Various predicate operator are available for each of the table columns including:

  • equal: case-sensitive match to the entire predicate value; interpreted as the SQL = 'value' operator
  • begins with: case-insensitive match to the beginning of the predicate value interpreted as the SQL ILIKE 'value%' operator
  • contains: case-insensitive match to the any part of the predicate value; interpreted as the SQL ILIKE '%value%' operator
  • end with: case-insensitive match to the end of the predicate value; interpreted as the SQL ILIKE '%value' operator
  • is null: matches any table column equal to NULL; note that this is different than an empty string.
  • in: matches to any of the multiple rule-values provided; interpreted as the SQL IN ('value1', 'value2', ...)

Predicate values

Depending on the type of table column chosen, different types of predicate value inputs are available. For example, if a number type is chosen (e.g. API ID), the input box will only allow for number inputs. If a date type is chosen, a date picker will pop open when entering a value for the predicate value.

Finally, if a table column is chosen that can only contain a specific set of values (e.g. API type) the predicate value input box will auto-complete with matching values as you type; once the desired value is found in the auto-completed suggestions, it must be selected. See, for example, example #1 where the API type Small molecule was selected as the predicate value.

Adding rules and rule-groups

By setting a predicate operator and a predicate value, the query rule is fully defined. More rules can be added to a given rule-group by clicking the button; as soon as more than one rule is specified, rules in a given rule-group are evaluated by the boolean input which defaults to AND.

Additional rule-groups can be added to construct more complex queries by clicking the button. Within each rule-group multiple rules can be defined as detailed above. Just as rules are compared against one another through the boolean input, so are rule-groups. Finally, any rule or rule-group can be deleted by clicking the button.

Submitting a query

After the query has been constructed, the query is validated and submitted with the button. If any query rule is not properly validated, the offending rule will be highlighted in red with a icon; by hovering the cursor over the icon, a description of the rule violation can be read.
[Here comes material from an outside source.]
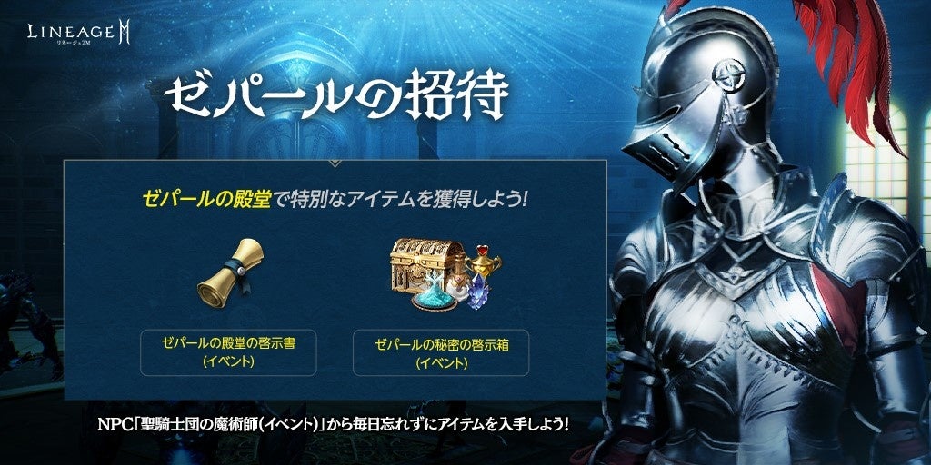 期間中、アリーナ ダンジョン「ゼパールの殿堂」のロビーに、イベントNPC「聖騎士団の魔術師(イベント)」が出現します。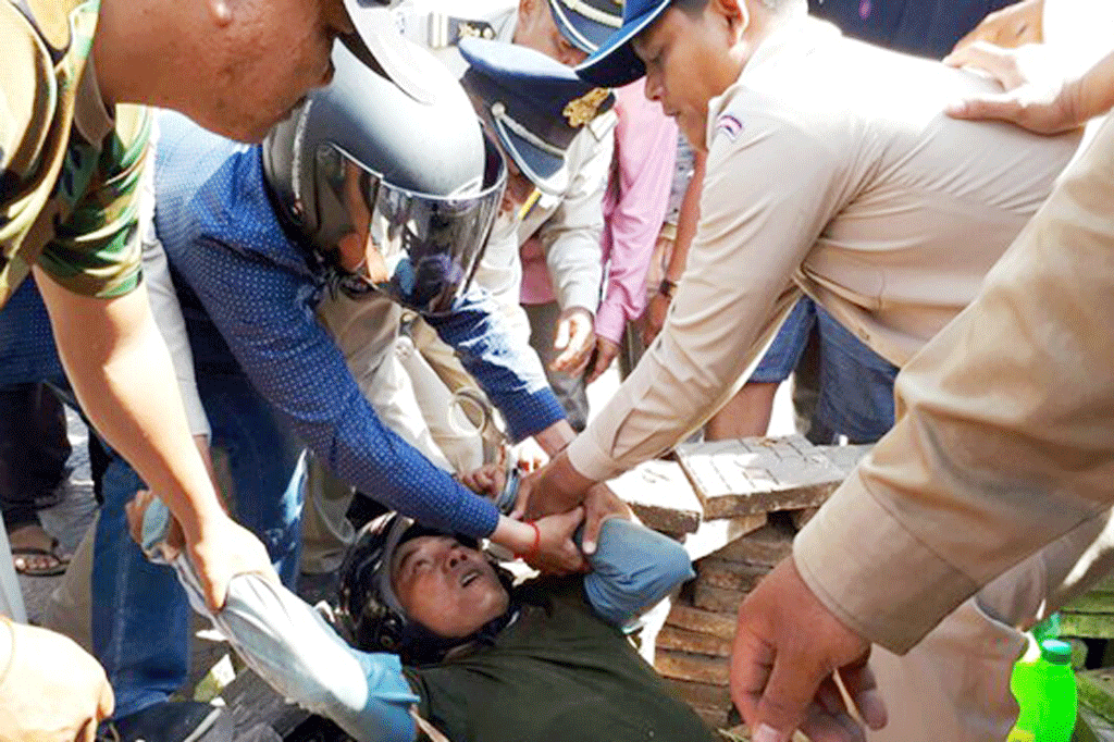 ភ្នំពេញ ៖ បុរសជាអ្នករត់ម៉ូតូឌុបម្នាក់ ឈឺបត់ជើងតូចខ្លាំងពេក រកបង្គន់អនាម័យមិន ទាន់ ក៏អែបម៉ូតូឈប់ក្បែរចិញ្ចើមផ្លូវ ឈរបត់ ជើងតូច នៅមុខដីឡូតិ៍ទំនេរមួយកន្លែង លុះ ពេលរៀបឡើងបើកម៉ូតូចាកចេញទៅវិញ ក៏ ស្រាប់តែត្រូវបុរសមានសតិមិនប្រក្រតីម្នាក់ ទាញ កូនញញួរមកវាយសំពងចំផៃមុខយ៉ាងចាស់ដៃ បណ្តាលឱ្យបែកមុខមាត់រងរបួសធ្ងន់ កាលពី វេលាម៉ោង២និង២៥នាទីរសៀល ថ្ងៃទី២៦ ខែកុម្ភៈ ឆ្នាំ២០១៧ នៅចំណុចមុខដីឡូត៍ទំនេរ មួយកន្លែង ស្ថិតតាមបណ្តោយផ្លូវព្រះនរោត្តម កែងនឹងផ្លូវលេខ១៧២ ក្នុងសង្កាត់ផ្សារថ្មីទី៣ ខណ្ឌដូនពេញ។

A query will not be executed until all rules are fully validated.

Query results

An example query result can be seen below, similarly to a spreadsheet, it is comprised of rows and columns. Each table column can be sorted and some of them (e.g. MeSH descriptor will even render as a hyperlink which will take the user to more information when clicked. By default, only the first 25 results are shown; however more can be shown per page by selecting the proper number in the dropdown located at the top-left of the results table. Finally, the rendered results can be downloaded to a tab-delimited file by clicking the button and the query can be shared by clicking the button.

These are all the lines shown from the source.